*** Opening Material for this task ***

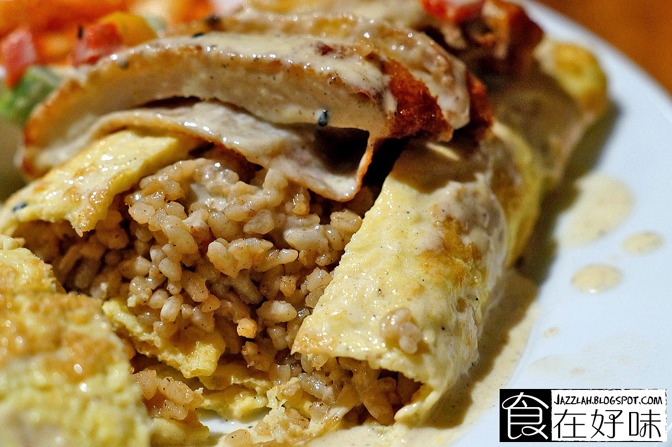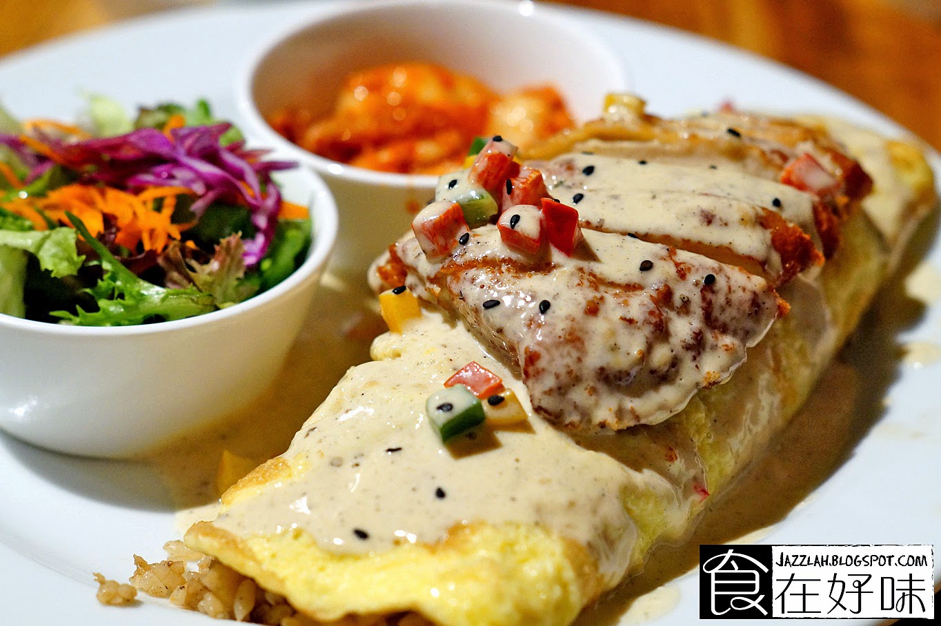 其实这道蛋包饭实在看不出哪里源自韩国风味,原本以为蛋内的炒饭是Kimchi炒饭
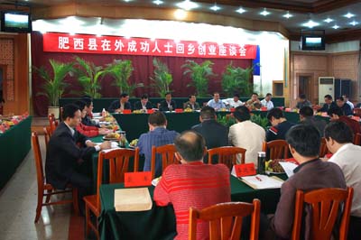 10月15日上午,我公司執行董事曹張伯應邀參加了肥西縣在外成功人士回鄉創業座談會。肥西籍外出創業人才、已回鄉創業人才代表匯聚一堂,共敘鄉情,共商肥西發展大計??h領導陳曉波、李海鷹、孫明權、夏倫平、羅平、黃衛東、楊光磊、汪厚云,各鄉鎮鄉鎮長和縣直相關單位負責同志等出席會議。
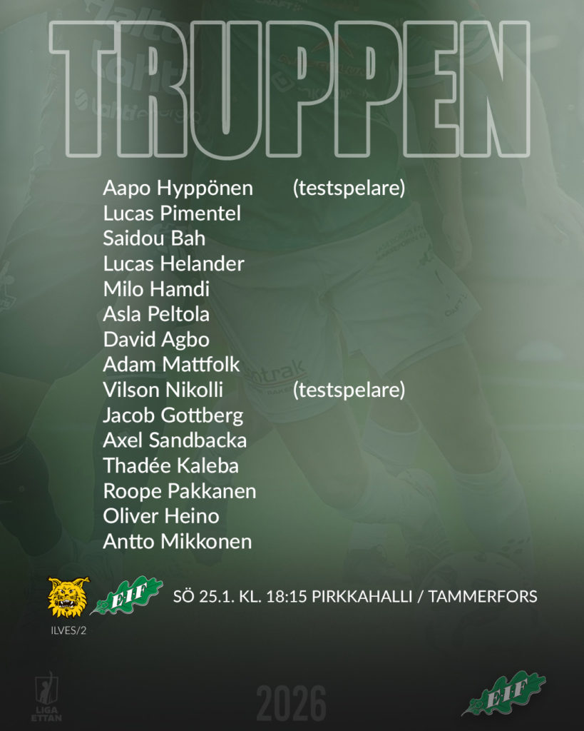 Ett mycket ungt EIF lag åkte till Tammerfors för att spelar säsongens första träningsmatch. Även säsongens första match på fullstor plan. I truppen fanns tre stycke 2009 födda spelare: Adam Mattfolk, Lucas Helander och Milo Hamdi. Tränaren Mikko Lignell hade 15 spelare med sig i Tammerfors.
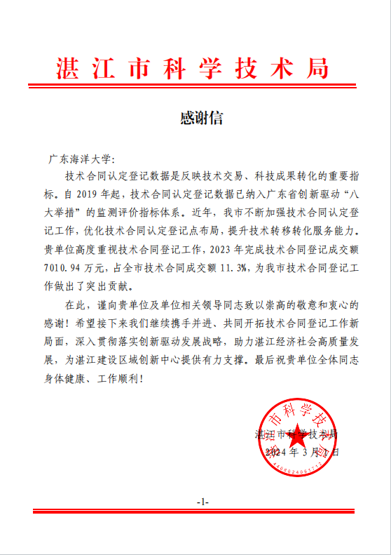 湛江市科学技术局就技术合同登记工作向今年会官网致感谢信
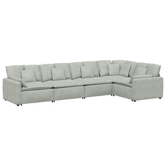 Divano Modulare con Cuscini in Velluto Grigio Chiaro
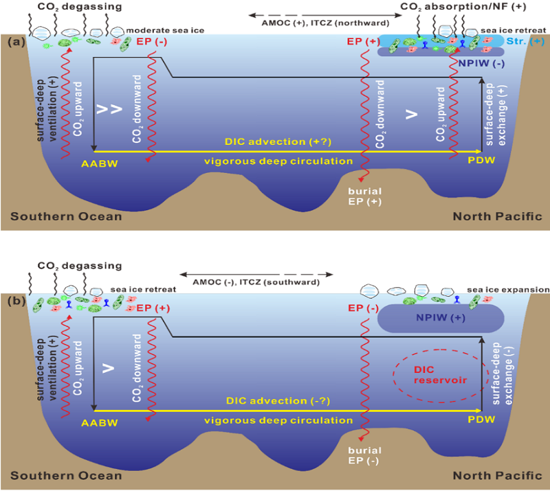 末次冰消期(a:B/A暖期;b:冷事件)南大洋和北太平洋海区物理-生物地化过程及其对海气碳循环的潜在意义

*** Closing Material for this task ***

_What you are asked to do_. Reproduce only the lines between the line with "10月15日上午,我公司執行" and the final line of the records, both included, so that the copy matches them exactly and contains no pictures.

_Solution to this exercise_.
 10月15日上午,我公司執行董事曹張伯應邀參加了肥西縣在外成功人士回鄉創業座談會。肥西籍外出創業人才、已回鄉創業人才代表匯聚一堂,共敘鄉情,共商肥西發展大計??h領導陳曉波、李海鷹、孫明權、夏倫平、羅平、黃衛東、楊光磊、汪厚云,各鄉鎮鄉鎮長和縣直相關單位負責同志等出席會議。
 Ett mycket ungt EIF lag åkte till Tammerfors för att spelar säsongens första träningsmatch. Även säsongens första match på fullstor plan. I truppen fanns tre stycke 2009 födda spelare: Adam Mattfolk, Lucas Helander och Milo Hamdi. Tränaren Mikko Lignell hade 15 spelare med sig i Tammerfors.
 湛江市科学技术局就技术合同登记工作向今年会官网致感谢信
 Divano Modulare con Cuscini in Velluto Grigio Chiaro
 末次冰消期(a:B/A暖期;b:冷事件)南大洋和北太平洋海区物理-生物地化过程及其对海气碳循环的潜在意义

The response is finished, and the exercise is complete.